Впрочем, такое платоническое отношение не могло быть продолжительно. Явилась потребность осуществить бескровный идеал нигилиста в сколько-нибудь подходящем живом образе, и генерал был отменно доволен, когда потребность эта нашла себе удовлетворение в лице его мелкопоместного соседа, Анпетова.

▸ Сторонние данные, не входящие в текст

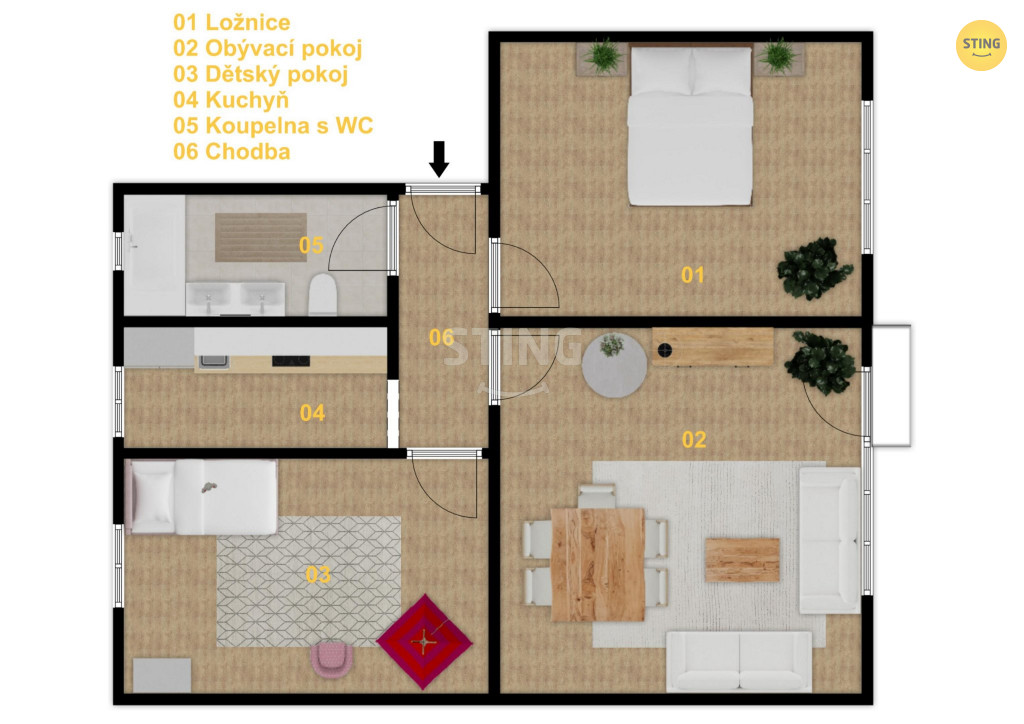 garáží o dispozici 3+1 a užitné ploše 73 m?. Dispozice bytu nabízí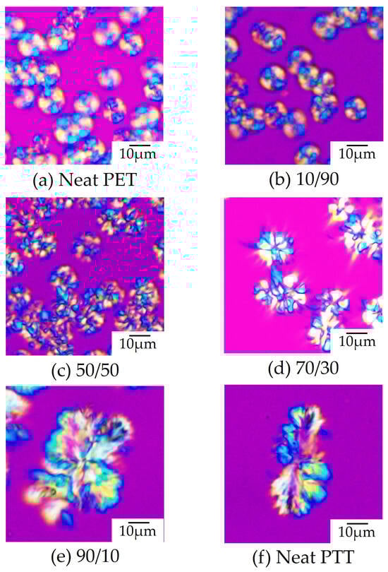 Figure 1 shows the spherulite morphology of poly(trimethylene terephthalate) (PTT)/poly(ethylene terephthalate) (PET) blends of different contents, as observed using polarized optical microscopy during isothermal melt crystallization at 215 °C, in which both PTT and PET can crystallize, and the crystallization rate of PET is faster than that of PTT. The spherulite morphologies of the neat PET and neat PTT are also shown for comparison. Compact spherulites with yellow and blue interference colors were formed in the neat PET due to the radial arrangement of the crystallites (Figure 1a), while large dendritic spherulites consisting of thick fibrils with a large cross-section several micrometers in size were formed in the neat PTT (Figure 1f). Compact spherulites observed in the neat PET were formed in the 20/80 and 50/50 PTT/PET blends (Figure 1b,c), while dendritic spherulites observed in the neat PTT were formed in the 80/20 blend (Figure 1e). In the 70/30 PTT/PET blend, both compact spherulites and dendritic spherulites were observed, indicating that PET spherulites and PTT spherulites can coexist (Figure 1d). These results indicate that PET spherulites grew in the blends with a PTT content of less than 90 wt%, while PTT spherulites grew in the blends with a PTT content of 70 wt% or more.

Анпетов был малый лет двадцати семи, получивший очень ограниченное образование, но неглупый по природе и, главное, очень сочувствующий. Когда случился тот перелом, который поверг генерала в уныние, Анпетов, напротив того, как-то особенно закопошился: он разъезжал веселый по селам и весям, обнимался, целовался, плакал, хохотал и в заключение даже принял безмездно место письмоводителя при мировом посреднике. В то время подобных людей не причисляли к лику нигилистов, но считали опорами и делали им лестные предложения. Но Анпетов до того был зарыт в толпе, что даже тогдашнее сильное движение не выдвинуло его вперед, как выдвинуло, например, Луку Кисловского, добившегося, à son corps défendant[53], чести служить волостным писарем. Анпетов по-прежнему остался в толпе, заявляя о себе одним лишь ликованием и нося в своем чистом сердце только одну гражданскую зависть — к Луке Кисловскому. Он из первых покончил с крестьянами выкупною сделкой, что, впрочем, доставило ему больше радости, нежели материальных выгод. Подобно большинству энтузиастов того времени, он с жаром обратился к вольнонаемному труду и, подобно всем, повел это дело без расчета и с первого же раза осекся. Однако это не подействовало на него одуряющим образом: он не бросился вон из «своего места» и не осовел, запершись в четырех стенах полуразвалившейся храмины, в которой предки его с незапамятных времен истребляли ерофеич. В нем было чересчур много потребности жить, чтоб запереться, и он слишком любил «свое место», чтобы бежать из него в уездный или губернский город на службу. Он любил приволье, любил охоту, любил лес, реку, луг, любил народ. Вследствие всего этого, не желая умереть с голода, он сломал ветхие отцовские хоромы, на место их вывел просторную избу и сделался сам, в одно и то же время, и землевладельцем, и работником. Само собою разумеется, что во всем этом не было ни тени намека ни на социализм, ни на коммунизм, о которых он, впрочем, и понятия не имел, но тем не менее поступок его произвел сенсацию.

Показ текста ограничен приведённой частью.